Approach to Chronic Kidney Disease
Terra Swanson
Definition of CKD
- Decreased kidney function or one or more markers of kidney damage for 3 or more months
- History of kidney transplant
- GFR < 60. Staging helps risk-stratify pts likely to progress or develop complications of CKD
- CKD IIIa: eGFR 45-60
- CKD IIIb: eGFR 30-44
- CKD IV: eGFR 15-30
- CKD V: eGFR < 15
- Markers of kidney damage
- Urine Albumin/Cr ratio
- Mild: 0-30 mg/g
- Moderate: 30-300 mg/g
- Severe: >300 mg/g
- Urine sediment: RBC casts, WBC casts, oval fat bodies or fatty casts, granular casts
- Electrolyte derangements
- Abnormalities on histology
- Structural abnormalities: cysts, hydronephrosis, scarring, masses, renal artery stenosis
When to refer to Nephrology Clinic
- eGFR < 45
- Persistent urine albumin/creatinine ratio > 300 mg/g
- Urine protein/creatinine ratio greater than 500 mg/g
- Rapid loss of kidney function (> 30% decline over 4 months)

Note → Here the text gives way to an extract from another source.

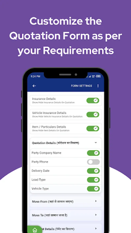 3) ऑटोफिल विकल्प के साथ जल्दी से Quotation / Goods List / LR / Bill बनाएं।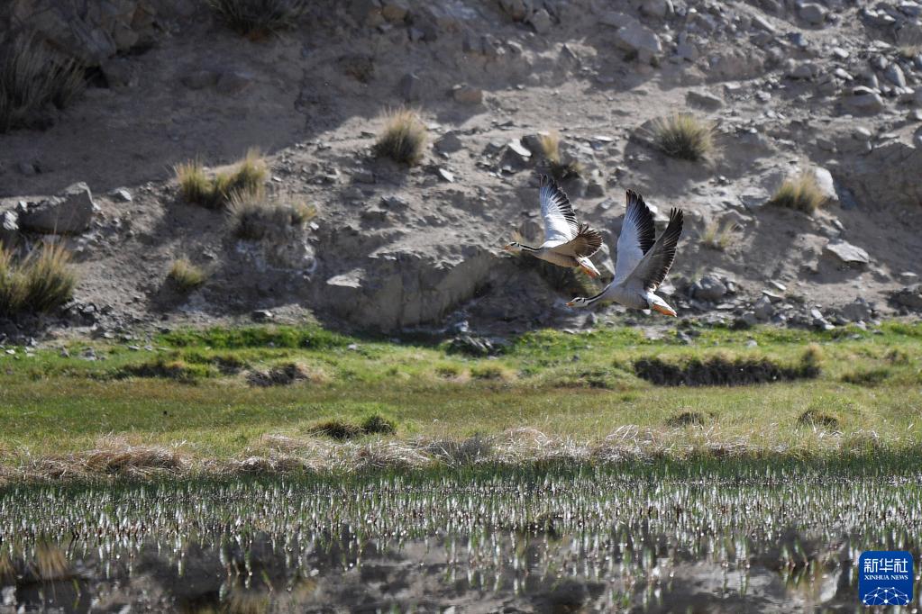 兩只斑頭雁在鹽池灣濕地飛翔(6月20日攝)。

- Hematuria not secondary urologic condition or if there are RBC casts on UA
- Inability to identify presumed cause of renal dysfunction
- Difficult to manage complications: hyperkalemia, anemia, bone-mineral disease, HTN
- Confirmed or presumed hereditary kidney disease (PCKD suspected)
Complications of CKD
- Imbalance of water homeostasis
- As renal mass declines, the ability to both concentrate and dilute the urine is impaired
- This manifests as hyponatremia (no end-organ to respond to ADH) and edema
- Treat this with water restriction, diuretics or, eventually, ultrafiltration
Chronic NAGMA in CKD
- Some data support that correcting serum bicarbonate slows decline in renal function and protects against bone-mineral complications of chronic metabolic acidosis (bone breakdown is an alternate buffer that the body uses in chronic acidemia)
- Current KDIGO guidelines recommend bicarb goal 18. However, practice patterns vary. For instance, Dr. Gould starts repletion if bicarb <20 on 2 consecutive BMPs in the outpt setting.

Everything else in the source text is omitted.